• _TASK REQUIREMENTS_
Beginning with the line that contains "Beim Rundfräsen verlieren", retype the entries below exactly, ending with the line that contains "Icefrog также поздравлял". Leave out any pictures.

• _Records contained in a dataset_
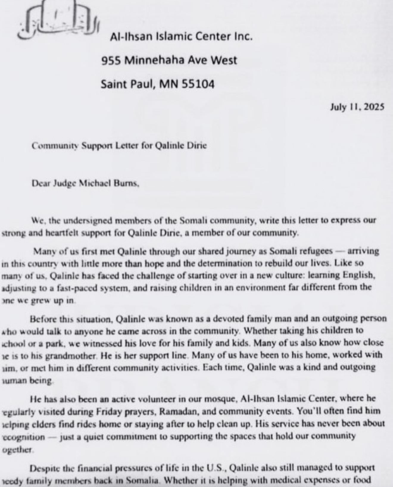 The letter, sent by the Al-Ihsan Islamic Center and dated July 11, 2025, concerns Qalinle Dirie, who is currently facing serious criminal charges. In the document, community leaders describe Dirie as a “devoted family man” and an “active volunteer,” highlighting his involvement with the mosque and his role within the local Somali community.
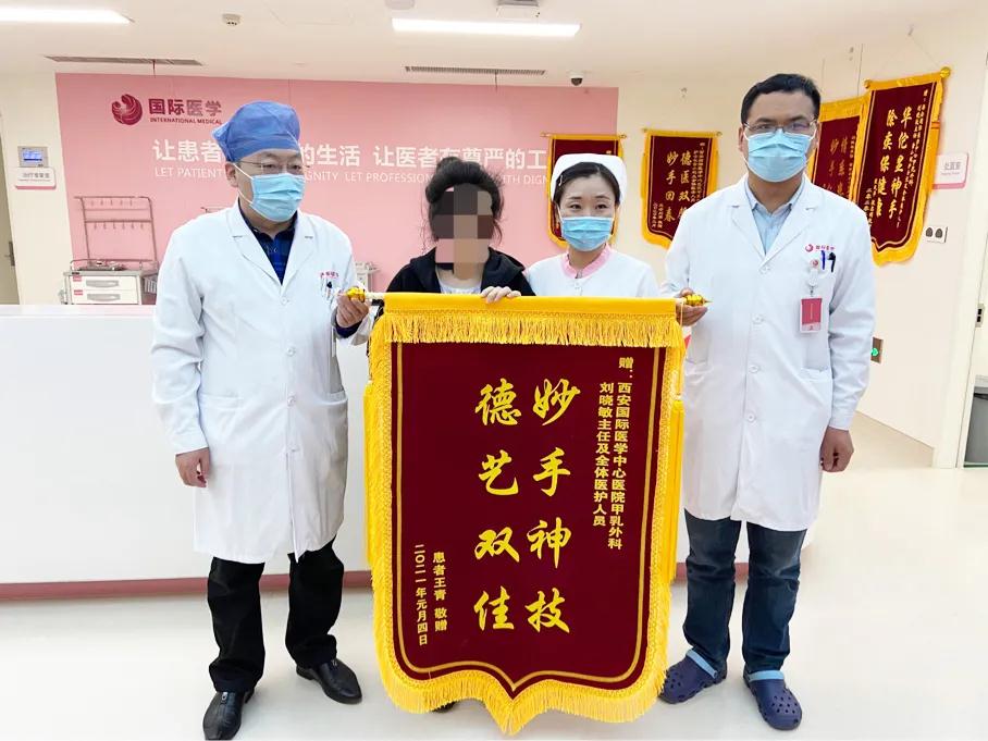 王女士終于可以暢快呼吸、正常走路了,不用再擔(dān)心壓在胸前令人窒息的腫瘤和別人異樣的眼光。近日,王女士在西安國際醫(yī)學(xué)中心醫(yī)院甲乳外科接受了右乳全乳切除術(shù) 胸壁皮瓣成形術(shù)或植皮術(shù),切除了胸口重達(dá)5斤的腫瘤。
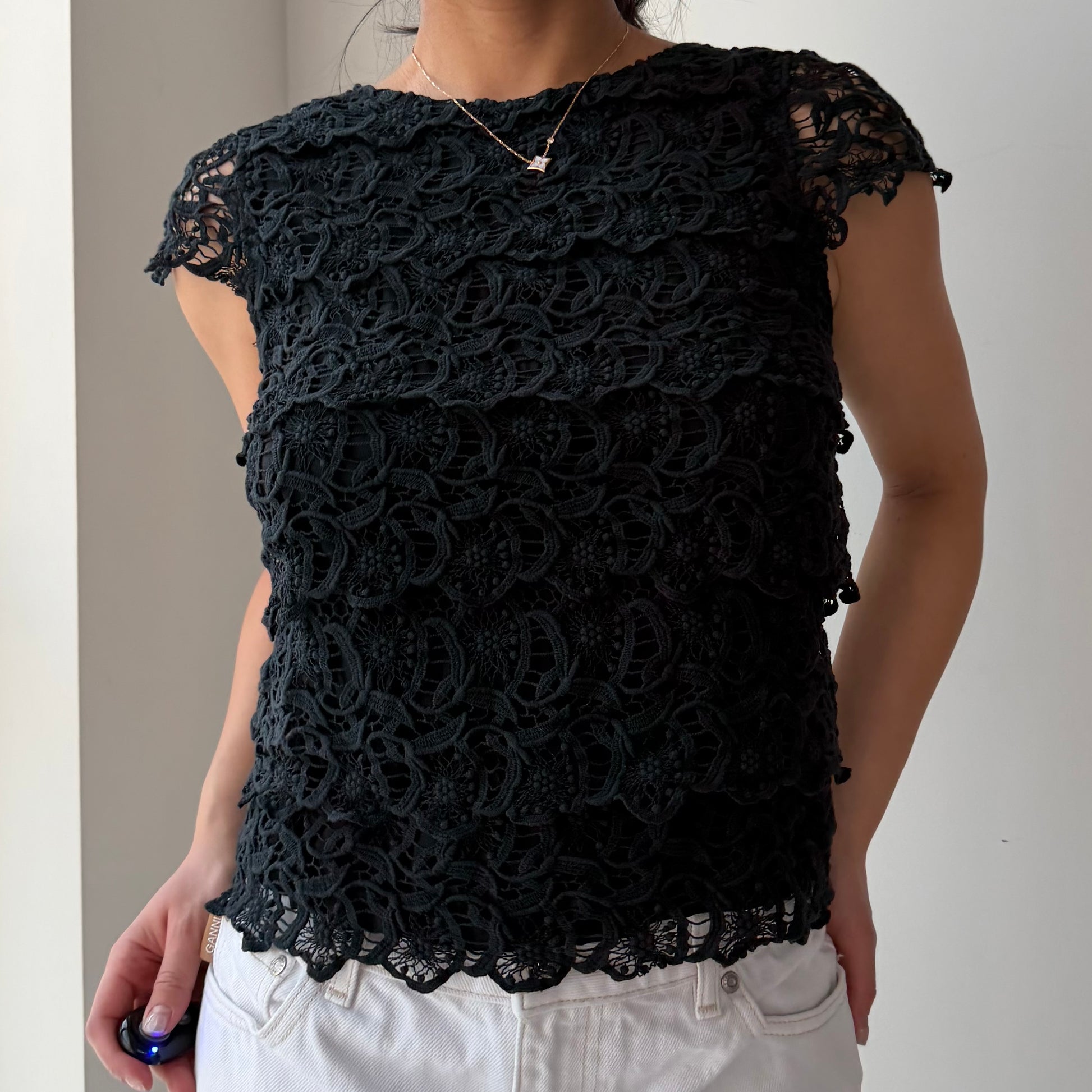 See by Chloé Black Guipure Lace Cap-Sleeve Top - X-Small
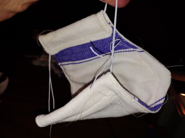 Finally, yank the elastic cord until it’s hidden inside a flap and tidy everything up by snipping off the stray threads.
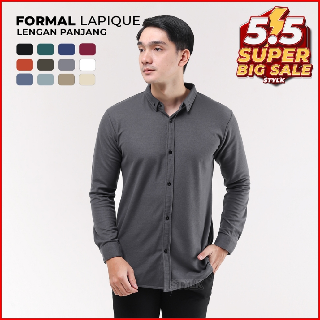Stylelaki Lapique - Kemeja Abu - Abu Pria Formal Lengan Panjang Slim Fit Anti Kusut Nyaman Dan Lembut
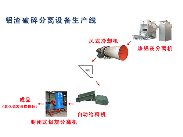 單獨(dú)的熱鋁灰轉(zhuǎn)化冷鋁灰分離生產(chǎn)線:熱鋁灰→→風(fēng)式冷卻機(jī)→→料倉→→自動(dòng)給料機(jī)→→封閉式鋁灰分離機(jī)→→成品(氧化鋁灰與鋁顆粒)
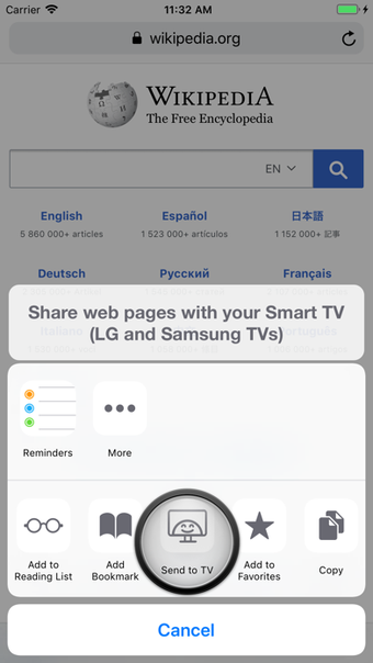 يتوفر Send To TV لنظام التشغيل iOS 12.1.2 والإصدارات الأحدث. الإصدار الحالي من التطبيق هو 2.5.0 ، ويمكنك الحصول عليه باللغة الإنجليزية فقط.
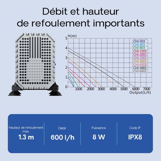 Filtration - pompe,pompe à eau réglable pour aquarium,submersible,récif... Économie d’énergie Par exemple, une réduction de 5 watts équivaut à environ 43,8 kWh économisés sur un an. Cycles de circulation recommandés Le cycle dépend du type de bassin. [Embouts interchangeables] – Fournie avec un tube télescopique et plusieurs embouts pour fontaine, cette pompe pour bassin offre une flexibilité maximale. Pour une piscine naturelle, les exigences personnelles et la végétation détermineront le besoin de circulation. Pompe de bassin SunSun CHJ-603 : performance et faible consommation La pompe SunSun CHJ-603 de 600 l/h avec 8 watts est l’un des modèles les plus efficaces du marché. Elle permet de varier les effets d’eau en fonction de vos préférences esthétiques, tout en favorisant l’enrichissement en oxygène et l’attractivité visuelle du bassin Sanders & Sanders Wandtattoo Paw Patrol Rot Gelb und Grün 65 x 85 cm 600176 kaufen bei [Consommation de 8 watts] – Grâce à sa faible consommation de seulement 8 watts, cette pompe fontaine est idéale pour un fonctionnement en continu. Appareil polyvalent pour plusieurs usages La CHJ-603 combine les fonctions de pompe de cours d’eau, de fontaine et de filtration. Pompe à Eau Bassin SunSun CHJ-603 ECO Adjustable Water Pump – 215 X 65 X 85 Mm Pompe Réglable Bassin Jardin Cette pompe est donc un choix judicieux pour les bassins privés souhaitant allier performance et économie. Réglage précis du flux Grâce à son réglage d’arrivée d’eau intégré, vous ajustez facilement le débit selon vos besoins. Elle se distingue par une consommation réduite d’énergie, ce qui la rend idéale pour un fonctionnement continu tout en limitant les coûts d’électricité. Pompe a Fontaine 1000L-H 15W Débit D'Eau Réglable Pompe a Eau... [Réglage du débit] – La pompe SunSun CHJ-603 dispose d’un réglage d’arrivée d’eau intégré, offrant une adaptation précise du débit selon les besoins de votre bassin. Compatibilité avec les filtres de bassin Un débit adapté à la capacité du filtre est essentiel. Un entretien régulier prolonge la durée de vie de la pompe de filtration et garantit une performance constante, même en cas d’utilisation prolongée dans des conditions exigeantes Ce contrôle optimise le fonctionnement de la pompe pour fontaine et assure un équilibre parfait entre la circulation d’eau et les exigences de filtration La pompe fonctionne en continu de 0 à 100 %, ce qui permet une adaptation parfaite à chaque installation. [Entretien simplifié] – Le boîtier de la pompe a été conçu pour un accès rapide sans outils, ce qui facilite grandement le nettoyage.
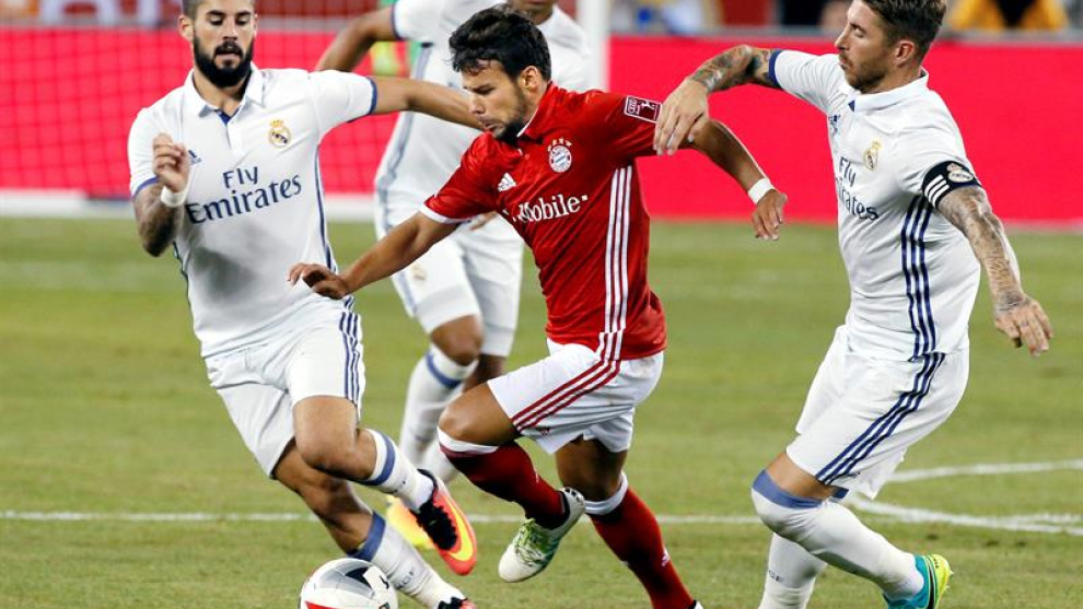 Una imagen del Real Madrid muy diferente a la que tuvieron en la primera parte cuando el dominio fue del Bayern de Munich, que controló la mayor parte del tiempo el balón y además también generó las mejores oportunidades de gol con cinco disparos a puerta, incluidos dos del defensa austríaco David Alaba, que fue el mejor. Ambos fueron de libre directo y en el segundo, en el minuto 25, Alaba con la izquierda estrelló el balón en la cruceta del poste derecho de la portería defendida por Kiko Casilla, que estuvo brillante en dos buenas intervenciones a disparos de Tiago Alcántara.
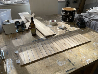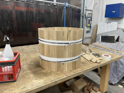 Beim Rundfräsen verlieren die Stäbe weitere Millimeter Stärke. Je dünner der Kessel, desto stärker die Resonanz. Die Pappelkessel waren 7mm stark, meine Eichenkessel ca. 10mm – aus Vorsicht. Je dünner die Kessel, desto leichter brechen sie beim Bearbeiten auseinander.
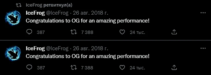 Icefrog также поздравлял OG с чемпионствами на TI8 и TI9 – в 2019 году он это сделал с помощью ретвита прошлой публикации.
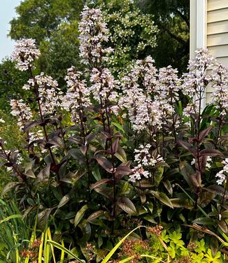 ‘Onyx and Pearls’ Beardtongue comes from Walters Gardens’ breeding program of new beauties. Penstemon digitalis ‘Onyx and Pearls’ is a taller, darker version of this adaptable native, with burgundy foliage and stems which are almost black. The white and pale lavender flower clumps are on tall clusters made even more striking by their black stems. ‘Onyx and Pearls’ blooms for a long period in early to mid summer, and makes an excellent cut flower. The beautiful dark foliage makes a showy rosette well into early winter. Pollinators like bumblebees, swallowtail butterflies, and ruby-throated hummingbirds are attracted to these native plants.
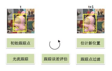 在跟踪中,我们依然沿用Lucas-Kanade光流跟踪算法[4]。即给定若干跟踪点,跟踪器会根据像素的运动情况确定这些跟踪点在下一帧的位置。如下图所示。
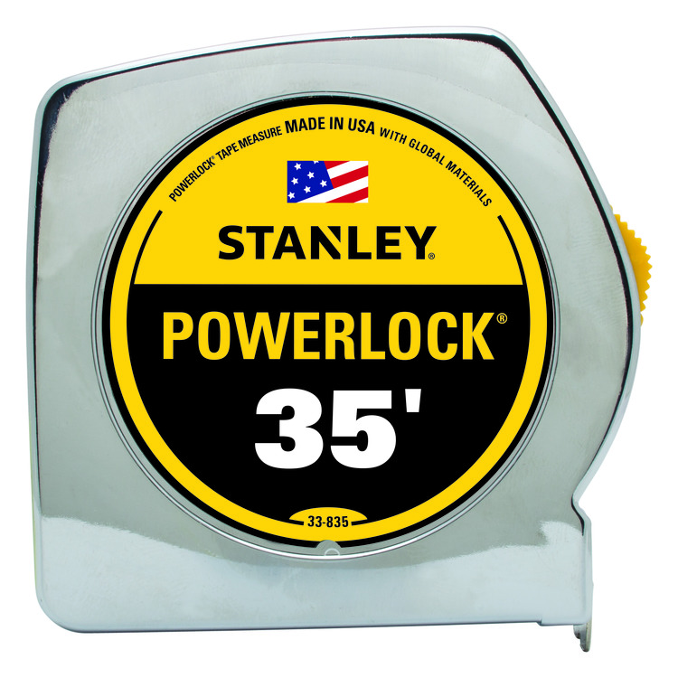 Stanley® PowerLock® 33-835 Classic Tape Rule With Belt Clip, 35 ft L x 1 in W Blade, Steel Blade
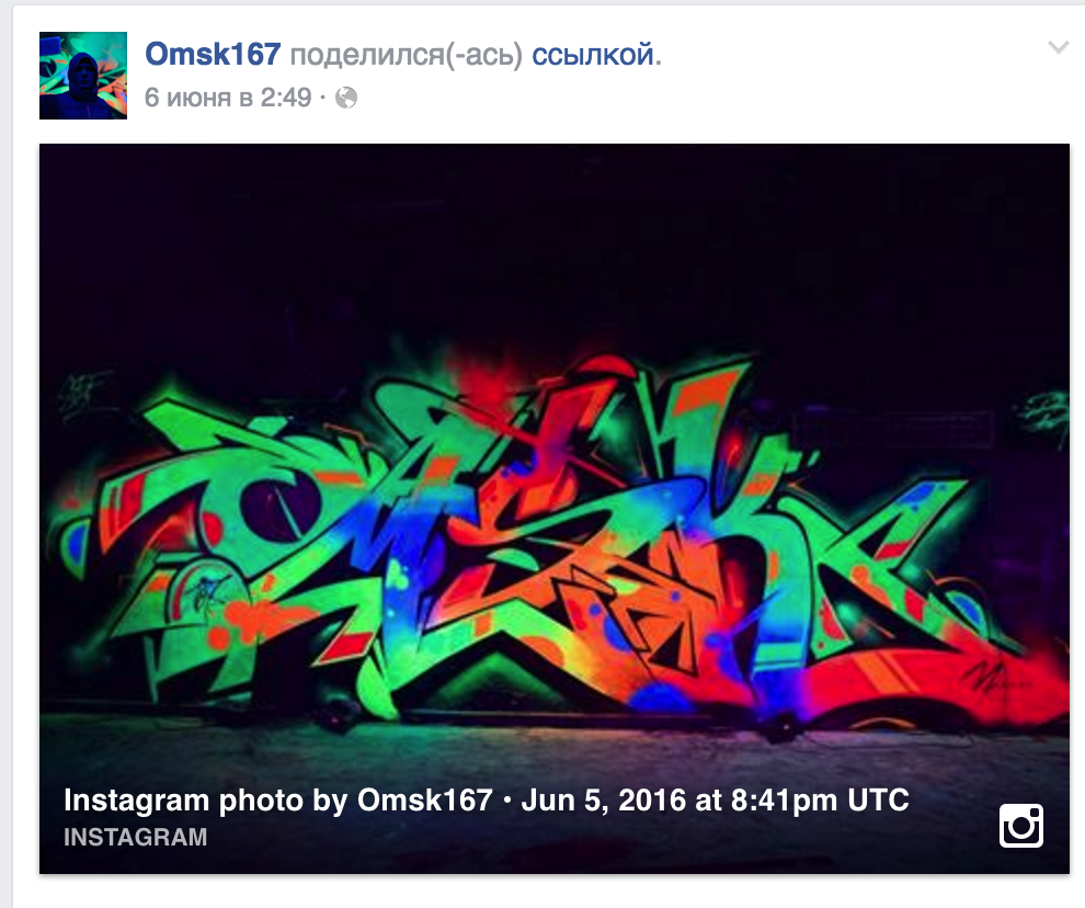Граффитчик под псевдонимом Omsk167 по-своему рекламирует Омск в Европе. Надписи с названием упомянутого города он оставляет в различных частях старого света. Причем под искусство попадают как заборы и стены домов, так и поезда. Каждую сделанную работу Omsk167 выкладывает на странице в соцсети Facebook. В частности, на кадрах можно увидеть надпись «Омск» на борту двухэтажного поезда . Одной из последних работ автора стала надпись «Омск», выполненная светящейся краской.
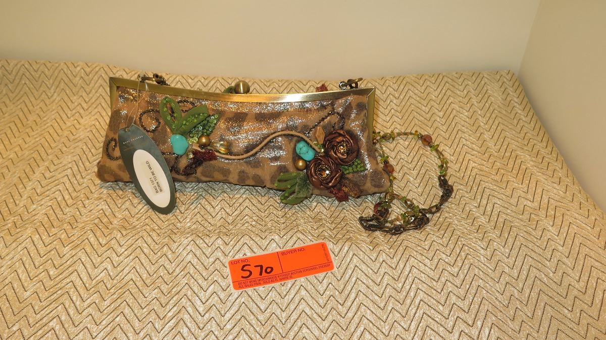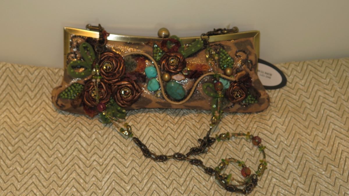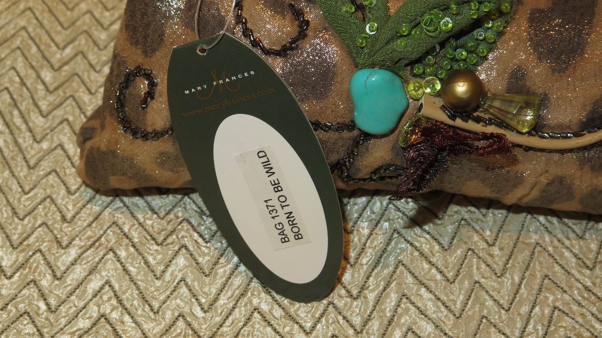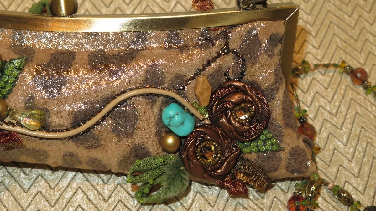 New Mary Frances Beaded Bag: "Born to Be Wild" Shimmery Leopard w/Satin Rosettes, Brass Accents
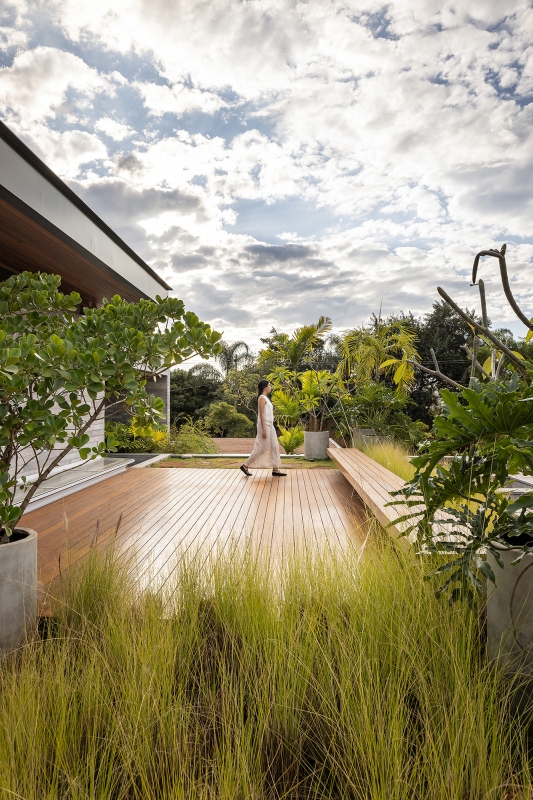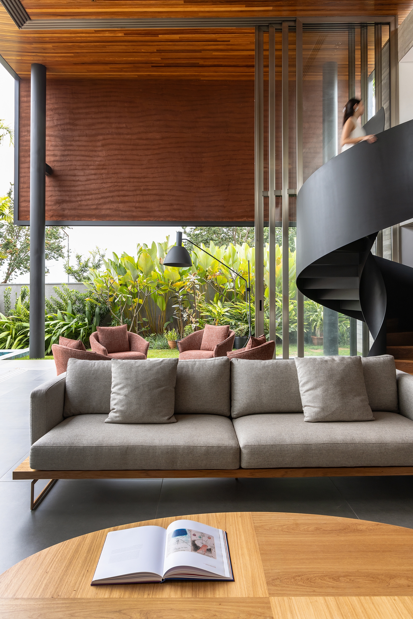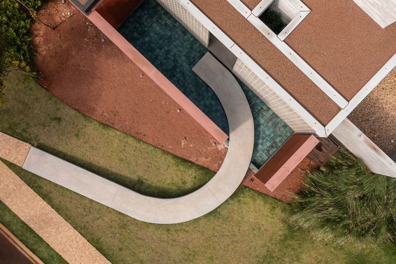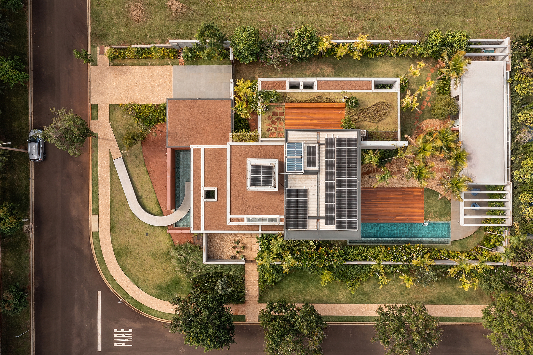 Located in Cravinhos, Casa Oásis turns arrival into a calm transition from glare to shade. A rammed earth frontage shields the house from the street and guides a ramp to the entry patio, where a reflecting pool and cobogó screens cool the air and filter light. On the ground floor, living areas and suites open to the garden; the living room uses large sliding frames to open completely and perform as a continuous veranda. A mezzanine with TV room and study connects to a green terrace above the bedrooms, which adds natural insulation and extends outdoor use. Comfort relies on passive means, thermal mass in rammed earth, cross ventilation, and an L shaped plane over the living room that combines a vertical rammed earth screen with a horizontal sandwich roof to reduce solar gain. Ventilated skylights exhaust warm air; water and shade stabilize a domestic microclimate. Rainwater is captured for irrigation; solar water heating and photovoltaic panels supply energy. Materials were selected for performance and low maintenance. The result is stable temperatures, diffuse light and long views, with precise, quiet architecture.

• _EXERCISE RESULT_
 Beim Rundfräsen verlieren die Stäbe weitere Millimeter Stärke. Je dünner der Kessel, desto stärker die Resonanz. Die Pappelkessel waren 7mm stark, meine Eichenkessel ca. 10mm – aus Vorsicht. Je dünner die Kessel, desto leichter brechen sie beim Bearbeiten auseinander.
 Icefrog также поздравлял OG с чемпионствами на TI8 и TI9 – в 2019 году он это сделал с помощью ретвита прошлой публикации.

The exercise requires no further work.